INTRODUCTION: Abstractly,
a file is a
collection of bytes stored on a secondary storage device, which is generally a
disk of some kind. The collection of bytes may be interpreted, for example, as
characters, words, lines, paragraphs and pages from a textual document; fields
and records belonging to a database; or pixels from a graphical image. The
meaning attached to a particular file is determined entirely by the data structures and
operations used by a program to process the file. It is conceivable (and it sometimes happens) that a
graphics file will be read
and displayed by a program designed to process textual data. The result is that
no meaningful output occurs (probably) and this is to be expected. A file is simply a machine decipherable storage media where
programs and data are stored for machine usage.
Essentially
there are two kinds of files that programmers deal with text files and binary
files. These two classes of files will be discussed in the following sections.
ASCII Text files
A
text file can be a
stream of characters that a computer can process sequentially. It is not only
processed sequentially but only in forward direction. For this reason a text file is usually opened for only one kind of operation
(reading, writing, or appending) at any given time.
Similarly,
since text files only process characters, they can only read or write data one
character at a time. (In C Programming Language, Functions are provided that
deal with lines of text, but these still essentially process data one character
at a time.) A text stream in C is a special kind of file. Depending on the requirements of the operating system,
newline characters may be converted to or from carriage-return/linefeed
combinations depending on whether data is being written to, or read from, the file. Other character conversions may also occur to satisfy
the storage requirements of the operating system. These translations occur
transparently and they occur because the programmer has signalled the intention
to process a text file.
Binary files
A
binary file is no
different to a text file. It is a
collection of bytes. In C Programming Language a byte and a character are
equivalent. Hence a binary file is also
referred to as a character stream, but there are two essential differences.
1.
No special
processing of the data occurs and each byte of data is transferred to or from
the disk unprocessed.
2.
C Programming
Language places no constructs on the file, and it may be read from, or written to, in any manner
chosen by the programmer.
Binary
files can be either processed sequentially or, depending on the needs of the
application, they can be processed using random access techniques. In C
Programming Language, processing a file using random access techniques involves moving the
current file position to an
appropriate place in the file before reading
or writing data. This indicates a second characteristic of binary files
– they a generally processed using read and write operations simultaneously.
For
example, a database file will be
created and processed as a binary file. A record update operation will involve locating the
appropriate record, reading the record into memory, modifying it in some way,
and finally writing the record back to disk at its appropriate location in the file. These kinds of operations are common to many binary
files, but are rarely found in applications that process text files.

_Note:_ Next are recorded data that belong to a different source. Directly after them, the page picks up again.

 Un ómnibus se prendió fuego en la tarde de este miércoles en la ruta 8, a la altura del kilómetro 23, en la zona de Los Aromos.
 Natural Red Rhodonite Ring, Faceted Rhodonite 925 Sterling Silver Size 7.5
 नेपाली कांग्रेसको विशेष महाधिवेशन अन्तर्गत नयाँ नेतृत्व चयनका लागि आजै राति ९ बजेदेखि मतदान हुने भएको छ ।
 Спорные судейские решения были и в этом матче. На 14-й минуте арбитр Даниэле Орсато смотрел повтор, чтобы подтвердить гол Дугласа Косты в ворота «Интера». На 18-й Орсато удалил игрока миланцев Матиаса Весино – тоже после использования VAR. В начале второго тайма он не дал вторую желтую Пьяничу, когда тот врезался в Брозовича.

Creating a file and output some data
In
order to create files we have to learn about File I/O i.e. how to write data into a file and how to read data from a file. We will start this section with an example of writing
data to a file. We begin as
before with the include statement for stdio.h, then define some variables for
use in the example including a rather strange looking new type.
/* Program to create a file and write some data the file */
#include <stdio.h>
#include <stdio.h>
main( )
{
FILE *fp;
char stuff[25];
int index;
fp = fopen("TENLINES.TXT","w"); /* open for writing */
strcpy(stuff,"This is an example line.");
for (index = 1; index <= 10; index++)
fprintf(fp,"%s Line number %d\n", stuff, index);
fclose(fp); /* close the file before ending program */
}
The
type FILE is used for a file variable and is defined in the stdio.h file. It is used to define a file pointer for use in file operations. Before we can write to a file, we must open it. What this really means is that we must
tell the system that we want to write to a file and what the file name is. We do this with the fopen() function
illustrated in the first line of the program. The file pointer, fp in our case, points to the file and two arguments are required in the parentheses, the file name first, followed by the file type.

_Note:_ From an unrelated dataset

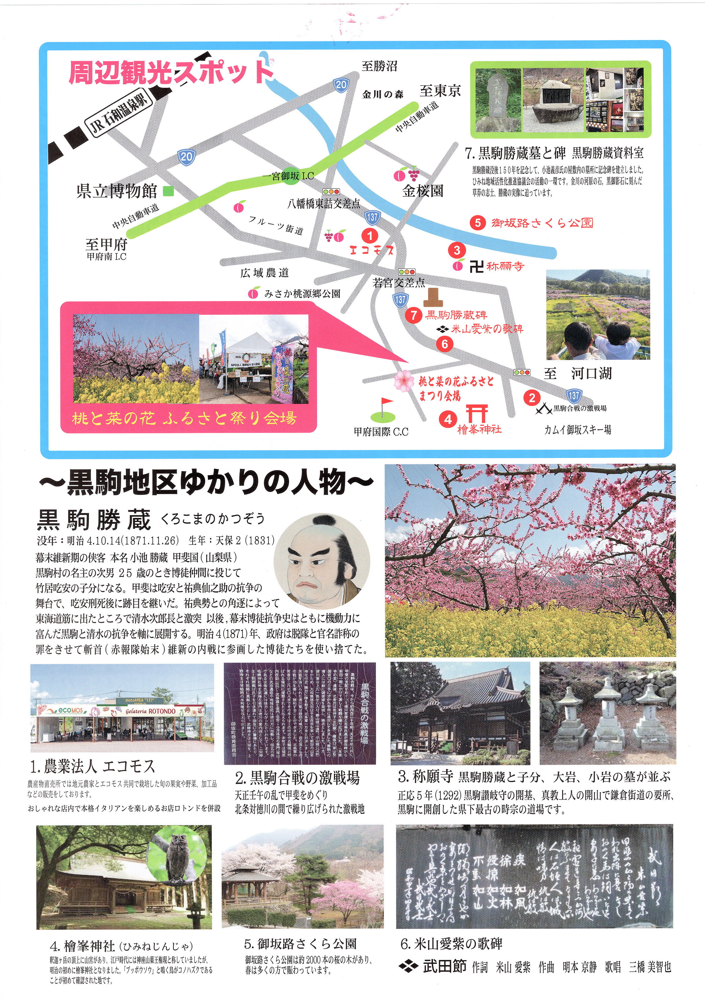 「境川ミズバショウ春まつり」を皮切りに、八代ふるさと公園での出店や桃や桜の景観スポットを巡る「桃源郷を歩こう2026」、電動自転車をレンタルしてお花見やお買い物スポットを巡る「桃源郷ROUTE34ライド&ウォーク」など、楽しい催しが目白押しです!ご家族、ご友人とお誘いあわせの上、ぜひご参加ください! メイン会場の八代ふるさと公園は期間中混雑が予測されますので3月28日(土)・29日(日)、4月4日(土)・5日(日)は臨時駐車場の「八代小学校」から無料シャトル【随時運行】をご利用ください。 ・八代小学校発9:00~16:00(予定)【随時運行】最終は八代ふるさと公園を16:30となります。 ※詳細は下方の項目をご覧下さい。 ※石和周辺グルメマップはこちら>>>笛吹市へお越しの際は是非ご参考に! ※開花速報はこちらから>>>(水芭蕉から2月より更新中!) |

The file name is any valid DOS file name, and can be expressed in upper or lower case
letters, or even mixed if you so desire. It is enclosed in double quotes. For
this example we have chosen the name TENLINES.TXT. This file should not exist on your disk at this time. If you have
a file with this
name, you should change its name or move it because when we execute this
program, its contents will be erased. If you don’t have a file by this name, that is good because we will create one
and put some data into it. You are permitted to include a directory with the file name. The directory must, of course, be a valid
directory otherwise an error will occur. Also, because of the way C handles
literal strings, the directory separation character ‘\’ must be written
twice. For example, if the file is to be
stored in the \PROJECTS sub directory then the file name should be entered as “\\PROJECTS\\TENLINES.TXT”.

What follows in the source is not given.